Modern electronic appliances such as computers have many hundreds of integrated circuits and other printed circuit boards. Many of these components generate heat during normal operation. Components that are relatively large, or that have a relatively small number of functions in relation to their size, as for example individual transistors or small scale integrated circuits, usually dissipate all their heat without a heat sink. The large physical size of such components, especially as compared with their active portions, limits their density on a circuit board sufficiently so that there is enough room for any heatsinks that might be needed. Accordingly, any component that needs assistance in dissipating heat can have a heatsink of its own.
The term "heatsink" as used herein generally refers to a passive device, for example an extruded aluminum plate with a plurality of fins, the heatsink being thermally coupled to an electronic component to absorb and dissipate heat into the air by convection.
As the state of the electronic arts has advanced, components have become smaller and smaller, to the extent that many thousands of them are now combined into a single integrated circuit chip. In addition, components are being made to operate faster and faster to provide the computing power that is increasingly being required of computers and other electronic devices. As the operating speed increases, so does the amount of heat which the components must dissipate. These factors have made it more difficult for many components to dissipate the heat they generate without the assistance of external heat sinks. At the same time, increasing component density has made it impractical to provide individual heat sinks for the increasing numbers of components that need them. Accordingly, it has become necessary for many components to share one heat sink.
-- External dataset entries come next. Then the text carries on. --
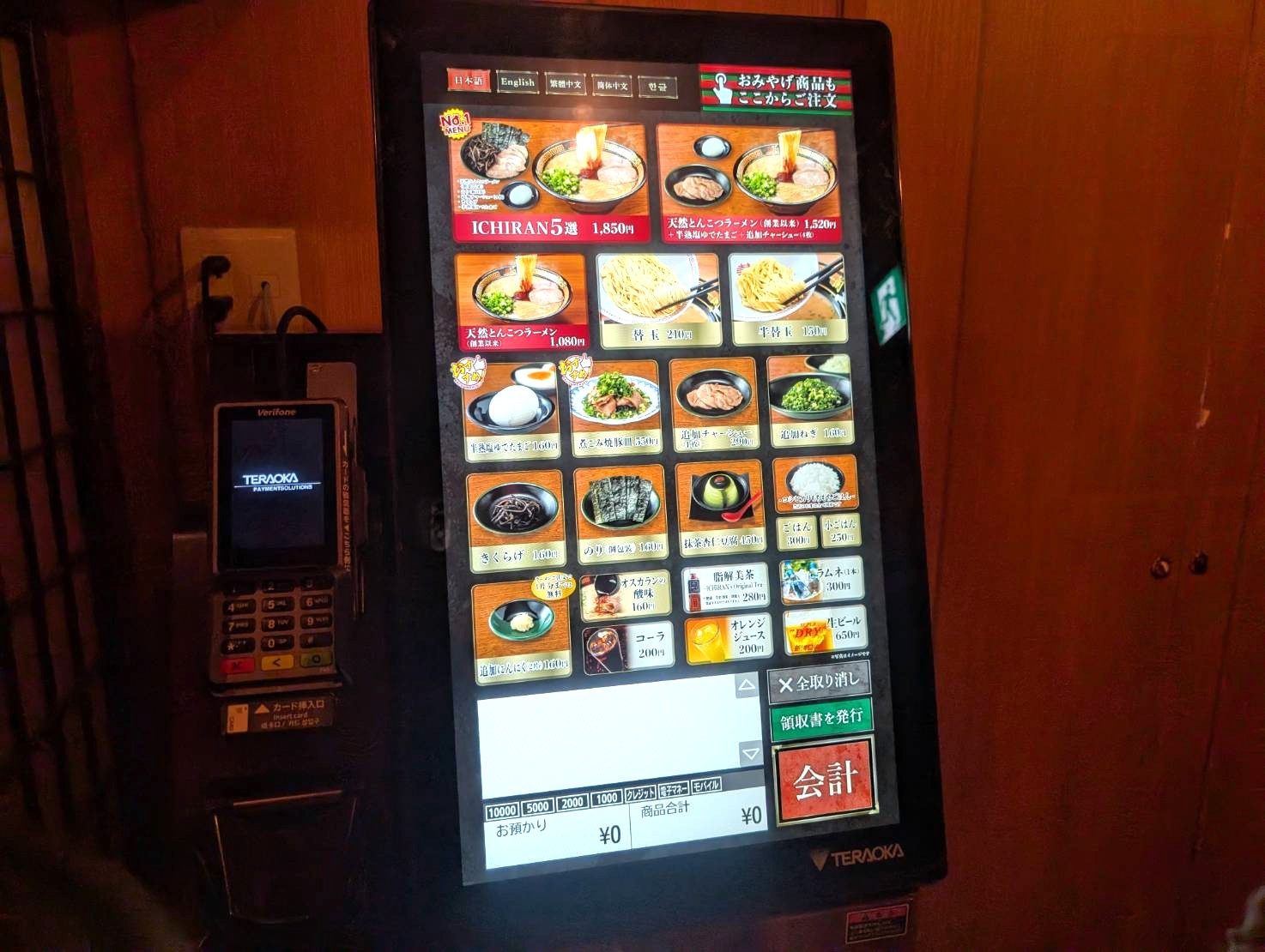 一蘭では一部の店舗を除き、キャッシュレス決済対応券売機を導入しています。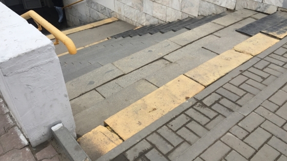 В пресс-службе мэрии пояснили, что по ПДД обустройство пешеходных переходов на одном уровне с проезжей частью на этом участке невозможно. Чтобы сделать переход доступным для инвалидов, нужна реконструкция.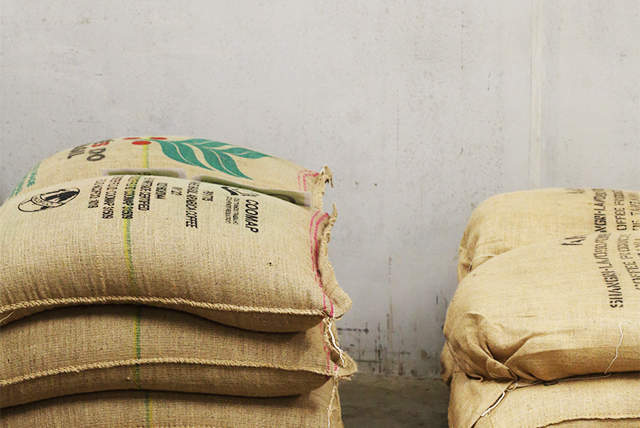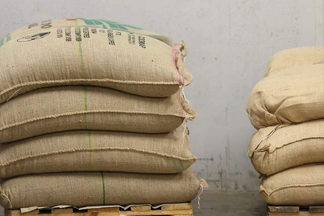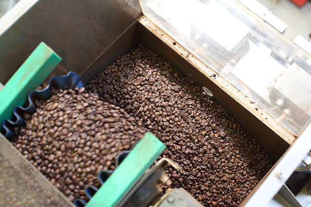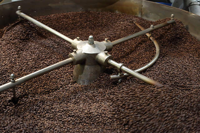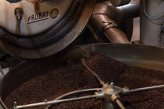 MB: "Wir rösten im Langzeittrommelröstverfahren – das bedeutet eine Röstdauer von 15-20 Minuten. Der Rohkaffee kommt in die Trommel, die durch Gas erhitzt wird und rotiert, damit die Bohnen in Bewegung bleiben und gleichmäßig geröstet werden. Dann passieren viele unsichtbare chemische Reaktionen. Was man von außen erkennen kann, ist die Größe – die Bohne wird größer und glatter. Die Farbe – sie wird dunkler. Und es riecht bisschen wie beim Toasten."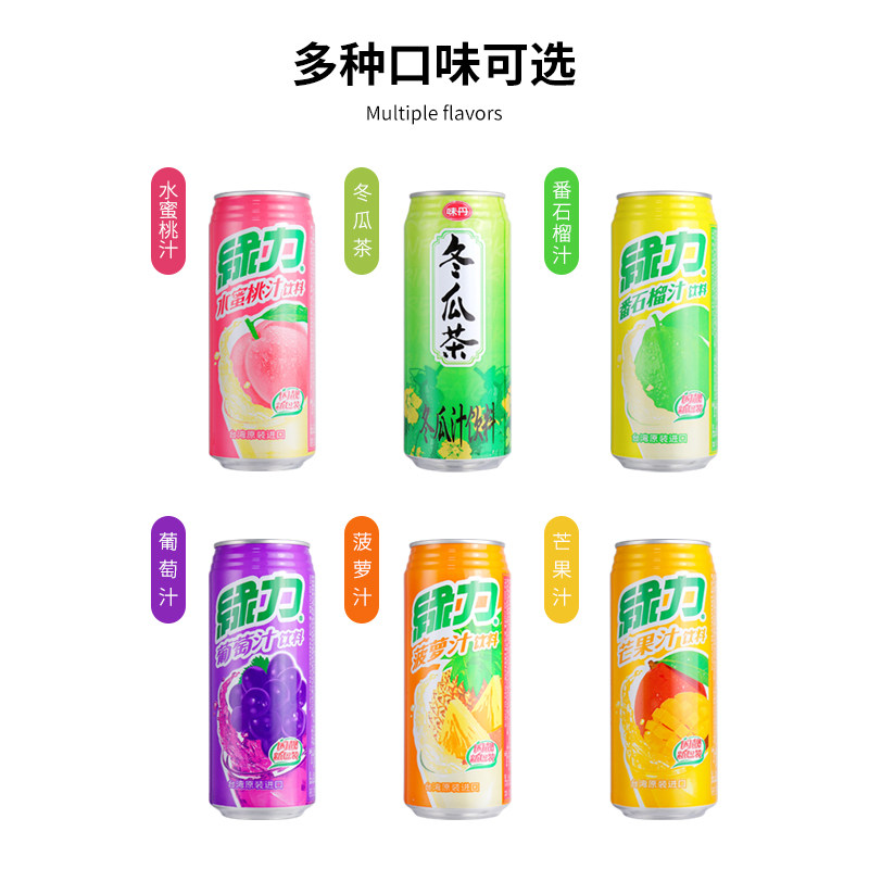 台湾绿力果汁490ml*5罐芒果汁多口味可选番石榴葡萄水蜜桃味饮料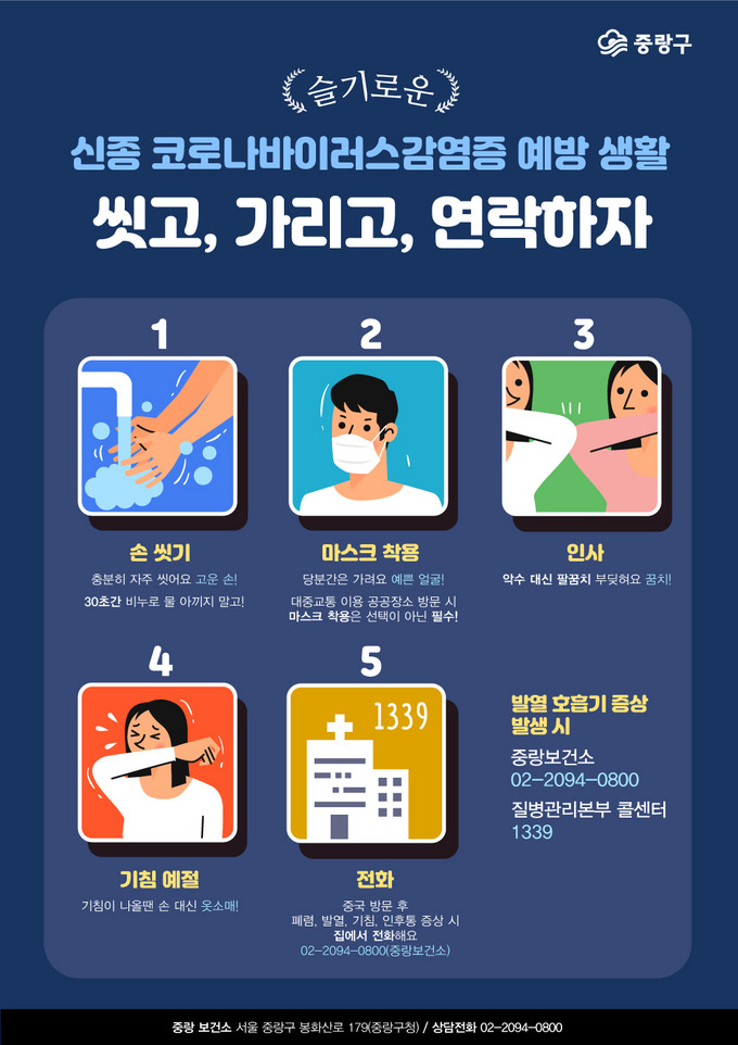 [조홍식 기자] 서울시 중랑구(구청장 류경기)가 ‘신종 코로나바이러스’ 대응을 위해 적극 나섰다. 구는 ‘씻고’, ‘가리고’, ‘연락하기’를 키워드로 쉽게 실천할 수 있는 감염 예방 수칙 전파에 주력하고 있다고 밝혔다.

One widely-used method of increasing the speed of an electronic circuit is to reduce the lengths of connecting wires. In part, this is being done by abandoning the older practice of enclosing each integrated circuit chip in a separate package in favor of mounting many chips next to each other on a single substrate. Such an assembly of chips and substrate is commonly referred to as a multi-chip module ("MCM"). The chips on an MCM are too small, and usually must be located too near one another on the MCM, to permit the use of separate heat sinks for the individual chips. Accordingly, in order to dissipate the heat generated by the chips on an MCM, it is often necessary to use a single heatsink for a large group of chips or components.
Accordingly, a heatsink should be capable of high convection of heat into the surrounding air. Heatsinks for electronic components have achieved this ability in the past by having a multitude of fins physically connected to a heatsink base which is then thermally coupled to a substrate having heat generating components. The manufacturing process for heatsinks is difficult and expensive as the individual fins must be connected to a base with a matching coefficient of heat transfer or conductivity. Without a proper thermal conductivity match, the heat is not effectively conveyed to the fins and dissipated into the air from the heatsink base.
To avoid thermal mismatches, a heatsink and the related fins might be extruded as one single piece, thereby eliminating any attachment process of the fins. Such extrusions, however, provide lower aspect ratios, e.g. 4-5, and hence lower surface area across the array of fins. The aspect ratio is defined as the height of the fin divided by the gap between each subsequent fin, or height/gap. Due to the low surface area, the extruded heatsinks require higher air velocities than that required for high density, high aspect ratio heatsinks. Relatedly, extruded heatsinks require higher tangential velocities of air, e.g. 4 to 5 meters/second (m/s), flowing over the fins in order to remove sufficient heat. To provide higher air velocities, larger more cumbersome fans, or fans that require more power to operate, are generally needed. Other formation methods that can produce higher aspect ratios are, but generally prove to be even more expensive. Such methods include, for instance, machining fins via a saw cut, or brazing fins onto the part.
Yet another expensive and time consuming process for achieving a thermal match involves physically bonding the fins to a base structure. Ideally, a heatsink will employ as many fins as possible to maximize the surface area exposed to the surrounding air. However, the time and expense involved in bonding the individual fins leads to a trade-off between the aspect ratio and the cost of constructing the overall heatsink. Heatpipes can also be incorporated into heatsinks to convey heat from an electronic component to the fins for dissipation of the heat into the air. Incorporation of such heatpipes, however, can require exacting manufacturing tolerances in order to provide a low thermal resistance between the heatpipe and the heatsink material.
As a result, a low-cost, high aspect ratio heatsink assembly is needed for application to heat producing electronic components. Heatpipes should be incorporated at minimum cost, but with maximum thermal efficiency between the assembly parts. The heatsink assembly should provide a effective heatsink and means of application so that sufficient "wetting" of the fin surfaces is achieved, with relatively low airflow being required over the fins.